• [DATA]:
########################################
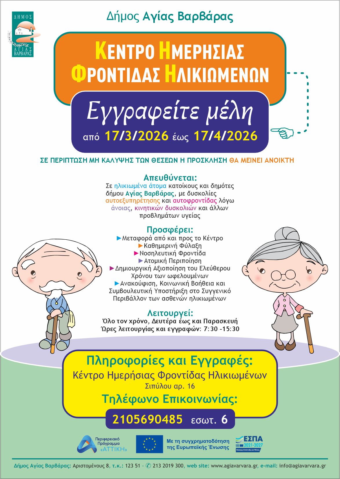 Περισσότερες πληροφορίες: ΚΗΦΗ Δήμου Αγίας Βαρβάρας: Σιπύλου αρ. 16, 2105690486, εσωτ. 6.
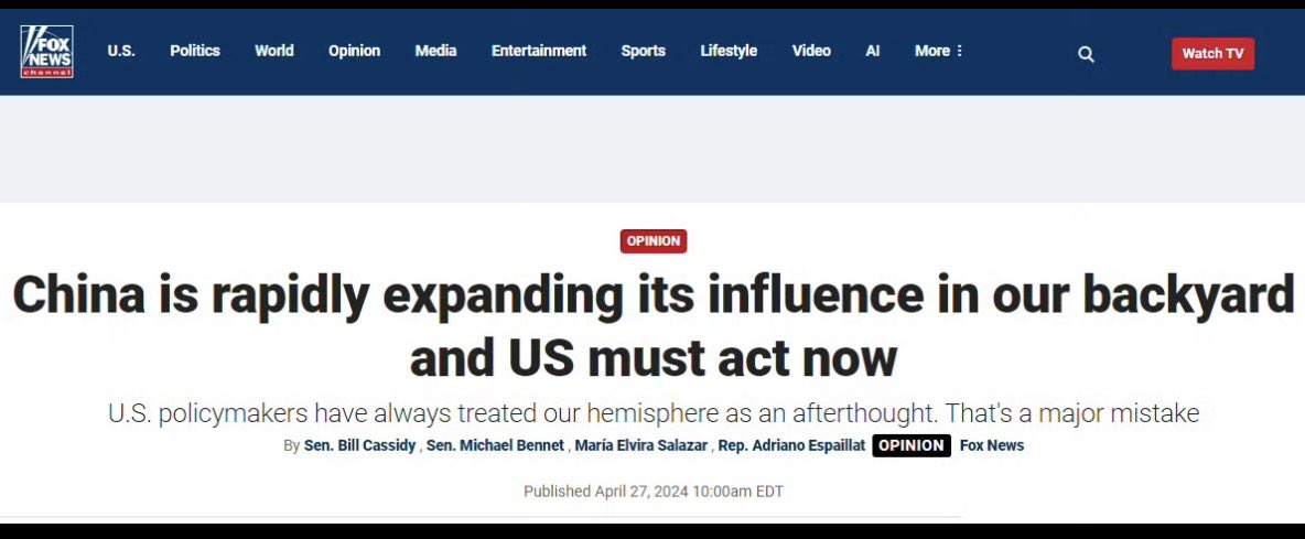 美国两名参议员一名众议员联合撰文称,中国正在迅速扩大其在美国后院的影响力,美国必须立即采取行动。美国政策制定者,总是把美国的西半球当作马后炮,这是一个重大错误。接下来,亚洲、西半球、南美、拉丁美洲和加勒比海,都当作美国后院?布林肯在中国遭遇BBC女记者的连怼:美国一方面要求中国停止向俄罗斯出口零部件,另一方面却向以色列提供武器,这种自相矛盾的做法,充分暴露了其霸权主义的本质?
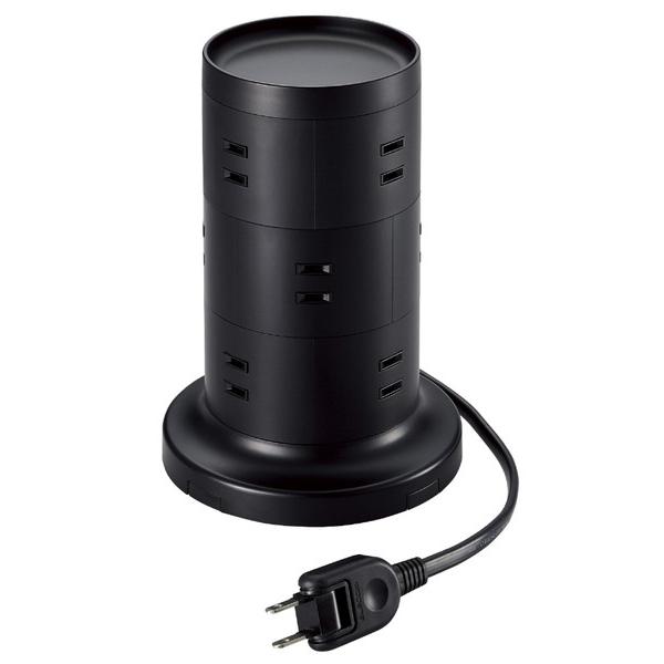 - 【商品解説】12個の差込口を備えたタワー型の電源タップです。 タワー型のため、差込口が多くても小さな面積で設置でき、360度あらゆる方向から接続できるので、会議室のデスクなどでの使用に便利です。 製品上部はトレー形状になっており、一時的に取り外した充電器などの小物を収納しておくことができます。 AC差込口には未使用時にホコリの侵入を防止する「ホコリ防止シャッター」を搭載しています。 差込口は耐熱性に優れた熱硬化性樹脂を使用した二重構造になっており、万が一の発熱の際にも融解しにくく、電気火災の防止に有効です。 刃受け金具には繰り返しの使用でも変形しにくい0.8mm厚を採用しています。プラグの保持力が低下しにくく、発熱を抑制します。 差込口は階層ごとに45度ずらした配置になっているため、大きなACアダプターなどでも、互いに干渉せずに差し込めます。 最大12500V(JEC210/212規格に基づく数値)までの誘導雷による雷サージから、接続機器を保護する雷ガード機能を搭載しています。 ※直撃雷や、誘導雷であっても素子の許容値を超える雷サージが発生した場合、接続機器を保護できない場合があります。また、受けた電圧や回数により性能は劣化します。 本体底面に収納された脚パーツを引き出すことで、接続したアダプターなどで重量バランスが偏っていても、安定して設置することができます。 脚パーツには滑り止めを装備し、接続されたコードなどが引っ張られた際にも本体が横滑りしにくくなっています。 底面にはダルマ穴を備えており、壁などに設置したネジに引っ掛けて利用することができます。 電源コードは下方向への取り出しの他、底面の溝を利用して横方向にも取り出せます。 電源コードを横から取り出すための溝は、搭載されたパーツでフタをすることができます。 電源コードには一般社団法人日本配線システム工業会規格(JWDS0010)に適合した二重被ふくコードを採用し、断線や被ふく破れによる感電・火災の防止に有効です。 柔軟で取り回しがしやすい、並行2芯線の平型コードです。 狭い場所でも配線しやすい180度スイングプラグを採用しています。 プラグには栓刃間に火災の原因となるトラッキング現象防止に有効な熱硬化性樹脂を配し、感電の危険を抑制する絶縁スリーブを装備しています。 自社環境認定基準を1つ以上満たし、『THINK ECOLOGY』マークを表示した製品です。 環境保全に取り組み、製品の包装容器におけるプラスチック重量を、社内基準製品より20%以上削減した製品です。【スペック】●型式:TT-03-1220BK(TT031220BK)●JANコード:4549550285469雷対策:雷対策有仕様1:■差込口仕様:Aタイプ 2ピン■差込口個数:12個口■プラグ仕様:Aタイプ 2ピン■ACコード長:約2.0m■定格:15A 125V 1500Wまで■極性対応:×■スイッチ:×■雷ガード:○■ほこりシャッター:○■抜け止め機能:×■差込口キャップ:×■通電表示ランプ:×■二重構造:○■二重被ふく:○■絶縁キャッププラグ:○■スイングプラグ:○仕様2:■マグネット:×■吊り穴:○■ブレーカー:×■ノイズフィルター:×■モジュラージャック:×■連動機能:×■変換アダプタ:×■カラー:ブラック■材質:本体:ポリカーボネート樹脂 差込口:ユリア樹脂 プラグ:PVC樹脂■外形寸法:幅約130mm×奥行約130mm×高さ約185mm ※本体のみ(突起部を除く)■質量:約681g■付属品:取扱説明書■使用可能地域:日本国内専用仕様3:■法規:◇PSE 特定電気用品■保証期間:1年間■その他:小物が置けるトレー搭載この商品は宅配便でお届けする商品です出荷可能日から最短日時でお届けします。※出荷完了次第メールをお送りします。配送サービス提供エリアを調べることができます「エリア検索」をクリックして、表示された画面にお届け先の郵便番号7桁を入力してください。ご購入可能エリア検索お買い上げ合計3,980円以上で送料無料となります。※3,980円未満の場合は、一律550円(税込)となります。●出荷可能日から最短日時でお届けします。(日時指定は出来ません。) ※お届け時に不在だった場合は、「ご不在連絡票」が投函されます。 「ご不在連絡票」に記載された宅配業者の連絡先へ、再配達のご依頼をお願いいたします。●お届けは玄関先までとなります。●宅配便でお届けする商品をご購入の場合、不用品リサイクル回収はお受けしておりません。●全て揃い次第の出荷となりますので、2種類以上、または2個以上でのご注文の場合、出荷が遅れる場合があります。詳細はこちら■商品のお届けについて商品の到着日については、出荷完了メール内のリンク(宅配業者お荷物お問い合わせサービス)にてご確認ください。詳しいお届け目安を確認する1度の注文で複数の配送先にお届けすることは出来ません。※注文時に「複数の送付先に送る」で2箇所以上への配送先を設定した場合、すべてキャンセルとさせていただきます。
########################################
• [REQUIRED ACTION]:
Please repeat everything in the data above except the pictures, exactly as it reads.

• [ANSWER]:
 Περισσότερες πληροφορίες: ΚΗΦΗ Δήμου Αγίας Βαρβάρας: Σιπύλου αρ. 16, 2105690486, εσωτ. 6.
 美国两名参议员一名众议员联合撰文称,中国正在迅速扩大其在美国后院的影响力,美国必须立即采取行动。美国政策制定者,总是把美国的西半球当作马后炮,这是一个重大错误。接下来,亚洲、西半球、南美、拉丁美洲和加勒比海,都当作美国后院?布林肯在中国遭遇BBC女记者的连怼:美国一方面要求中国停止向俄罗斯出口零部件,另一方面却向以色列提供武器,这种自相矛盾的做法,充分暴露了其霸权主义的本质?
 - 【商品解説】12個の差込口を備えたタワー型の電源タップです。 タワー型のため、差込口が多くても小さな面積で設置でき、360度あらゆる方向から接続できるので、会議室のデスクなどでの使用に便利です。 製品上部はトレー形状になっており、一時的に取り外した充電器などの小物を収納しておくことができます。 AC差込口には未使用時にホコリの侵入を防止する「ホコリ防止シャッター」を搭載しています。 差込口は耐熱性に優れた熱硬化性樹脂を使用した二重構造になっており、万が一の発熱の際にも融解しにくく、電気火災の防止に有効です。 刃受け金具には繰り返しの使用でも変形しにくい0.8mm厚を採用しています。プラグの保持力が低下しにくく、発熱を抑制します。 差込口は階層ごとに45度ずらした配置になっているため、大きなACアダプターなどでも、互いに干渉せずに差し込めます。 最大12500V(JEC210/212規格に基づく数値)までの誘導雷による雷サージから、接続機器を保護する雷ガード機能を搭載しています。 ※直撃雷や、誘導雷であっても素子の許容値を超える雷サージが発生した場合、接続機器を保護できない場合があります。また、受けた電圧や回数により性能は劣化します。 本体底面に収納された脚パーツを引き出すことで、接続したアダプターなどで重量バランスが偏っていても、安定して設置することができます。 脚パーツには滑り止めを装備し、接続されたコードなどが引っ張られた際にも本体が横滑りしにくくなっています。 底面にはダルマ穴を備えており、壁などに設置したネジに引っ掛けて利用することができます。 電源コードは下方向への取り出しの他、底面の溝を利用して横方向にも取り出せます。 電源コードを横から取り出すための溝は、搭載されたパーツでフタをすることができます。 電源コードには一般社団法人日本配線システム工業会規格(JWDS0010)に適合した二重被ふくコードを採用し、断線や被ふく破れによる感電・火災の防止に有効です。 柔軟で取り回しがしやすい、並行2芯線の平型コードです。 狭い場所でも配線しやすい180度スイングプラグを採用しています。 プラグには栓刃間に火災の原因となるトラッキング現象防止に有効な熱硬化性樹脂を配し、感電の危険を抑制する絶縁スリーブを装備しています。 自社環境認定基準を1つ以上満たし、『THINK ECOLOGY』マークを表示した製品です。 環境保全に取り組み、製品の包装容器におけるプラスチック重量を、社内基準製品より20%以上削減した製品です。【スペック】●型式:TT-03-1220BK(TT031220BK)●JANコード:4549550285469雷対策:雷対策有仕様1:■差込口仕様:Aタイプ 2ピン■差込口個数:12個口■プラグ仕様:Aタイプ 2ピン■ACコード長:約2.0m■定格:15A 125V 1500Wまで■極性対応:×■スイッチ:×■雷ガード:○■ほこりシャッター:○■抜け止め機能:×■差込口キャップ:×■通電表示ランプ:×■二重構造:○■二重被ふく:○■絶縁キャッププラグ:○■スイングプラグ:○仕様2:■マグネット:×■吊り穴:○■ブレーカー:×■ノイズフィルター:×■モジュラージャック:×■連動機能:×■変換アダプタ:×■カラー:ブラック■材質:本体:ポリカーボネート樹脂 差込口:ユリア樹脂 プラグ:PVC樹脂■外形寸法:幅約130mm×奥行約130mm×高さ約185mm ※本体のみ(突起部を除く)■質量:約681g■付属品:取扱説明書■使用可能地域:日本国内専用仕様3:■法規:◇PSE 特定電気用品■保証期間:1年間■その他:小物が置けるトレー搭載この商品は宅配便でお届けする商品です出荷可能日から最短日時でお届けします。※出荷完了次第メールをお送りします。配送サービス提供エリアを調べることができます「エリア検索」をクリックして、表示された画面にお届け先の郵便番号7桁を入力してください。ご購入可能エリア検索お買い上げ合計3,980円以上で送料無料となります。※3,980円未満の場合は、一律550円(税込)となります。●出荷可能日から最短日時でお届けします。(日時指定は出来ません。) ※お届け時に不在だった場合は、「ご不在連絡票」が投函されます。 「ご不在連絡票」に記載された宅配業者の連絡先へ、再配達のご依頼をお願いいたします。●お届けは玄関先までとなります。●宅配便でお届けする商品をご購入の場合、不用品リサイクル回収はお受けしておりません。●全て揃い次第の出荷となりますので、2種類以上、または2個以上でのご注文の場合、出荷が遅れる場合があります。詳細はこちら■商品のお届けについて商品の到着日については、出荷完了メール内のリンク(宅配業者お荷物お問い合わせサービス)にてご確認ください。詳しいお届け目安を確認する1度の注文で複数の配送先にお届けすることは出来ません。※注文時に「複数の送付先に送る」で2箇所以上への配送先を設定した場合、すべてキャンセルとさせていただきます。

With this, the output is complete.